Seguiu-se um intervalo musical. A segunda parte da oração cristã começou com um pedido de perdão recitado em italiano, com a leitura de uma oração de João Paulo II: “... Rezemos para que, contemplando Jesus, nosso Senhor e nossa paz, os cristãos sejam capazes de arrepender-se das palavras e das atitudes causadas pelo orgulho e pelo ódio, pelo desejo de dominar os outros, pela inimizade para com os membros de outras religiões e para com os grupos mais frágeis da sociedade, como migrantes e itinerantes. Rezemos por todos aqueles que sofreram atos contrários à dignidade humana e por aqueles cujos direitos foram pisoteados”.

“Concedei que os nossos progenitores, nossos irmãos e irmãs, e todos nós, vossos servidores, que, por graça do Espírito Santo, nos dirigimos a vós com arrependimento sincero, possamos sentir a vossa misericórdia e receber o perdão dos nossos pecados. Nós vos pedimos por meio de Cristo, nosso Senhor. Amém”.

Após uma pausa de silêncio, seguiu-se a oração: “Deus Pai Onipotente, dai-nos a graça de apresentar-nos humildemente diante de vós e de implorar o vosso perdão por termos ofendido a vós e os nossos irmãos e irmãs. Nós não fomos custódios da vossa criação, especialmente em vossa Terra Santa. Empreendemos guerras, cometemos violência, ensinamos o desprezo pelos nossos irmãos e irmãs, ofendendo profundamente a vós, ó Pai de todos nós. Dai-nos a graça de nos empenharmos novamente para agir com justiça, amar a misericórdia e caminhar humildemente com nosso Deus, por meio de Cristo, nosso Senhor. Amém”.

Depois de mais um breve intervalo musical, veio a invocação de paz, em árabe, iniciada pela leitura da oração de São Francisco de Assis: “Senhor, fazei de mim um instrumento da vossa paz”.

A oração da comunidade muçulmana

“Seja louvado Deus, que criou o céu e a terra, que transformou as trevas em luz, que fez surgir todas as coisas do nada...”. Assim começou a oração islâmica, terminada com outro intervalo musical, após o qual foi feita a invocação pela paz, em árabe e encerrada com uma última interpretação musical muçulmana.
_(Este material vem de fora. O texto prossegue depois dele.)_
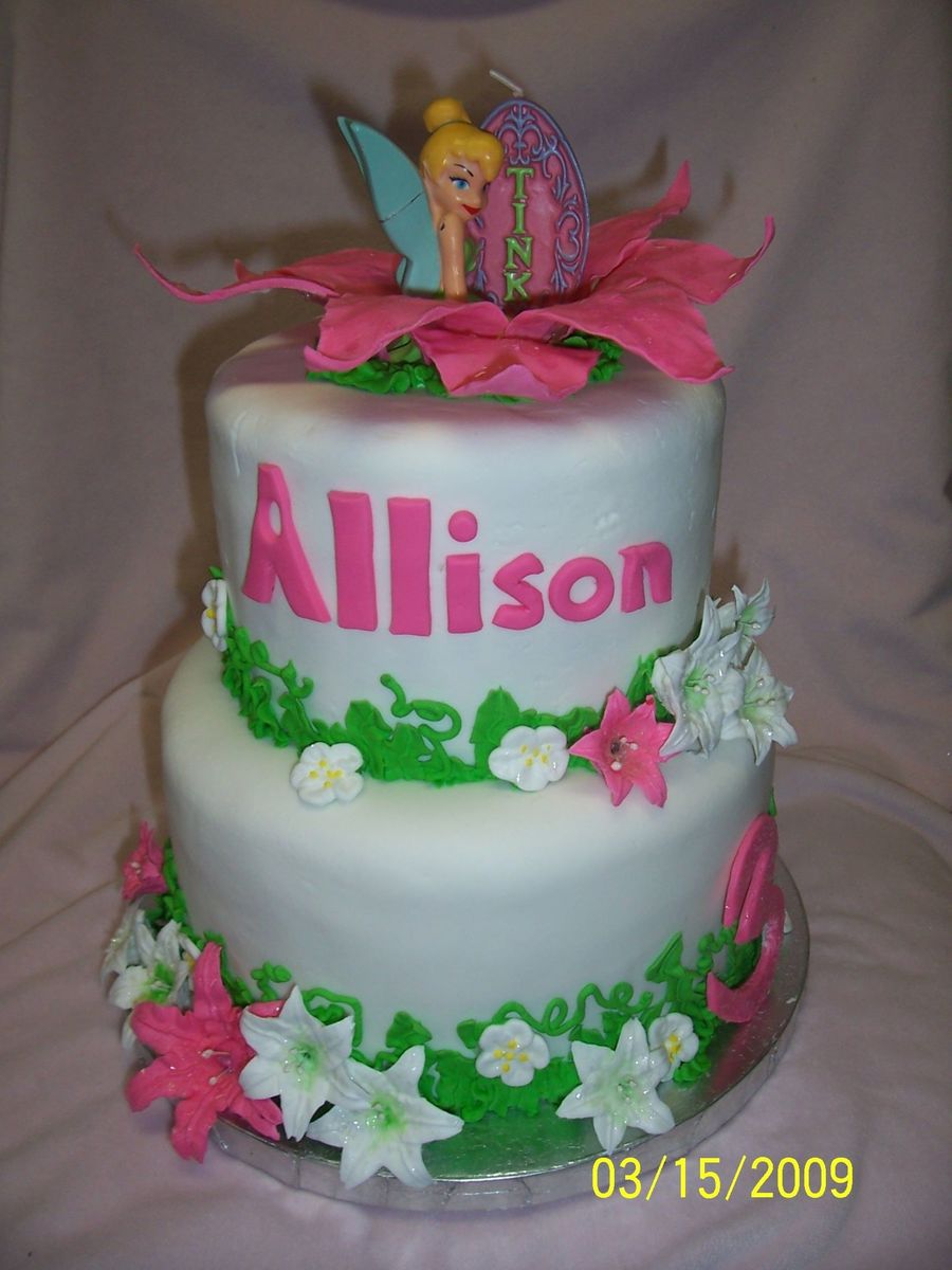 Fondant, with royal icing easter lillies, apple blossoms,and grass, and candle tinkerbell in fondant flower. I enjoyed making this cake, and beside the wing breaking on the candle- I was happy with how it turned out! THanks!

O evento foi concluído com as palavras do papa Francisco: shalom, paz, salam. Seguiram-se as palavras dos dois presidentes, todas em favor da paz, culminadas com um aperto de mãos. Juntos, Francisco, Peres e Abbas plantaram uma pequena oliveira, como símbolo do desejo de paz entre os povos palestino e israelense.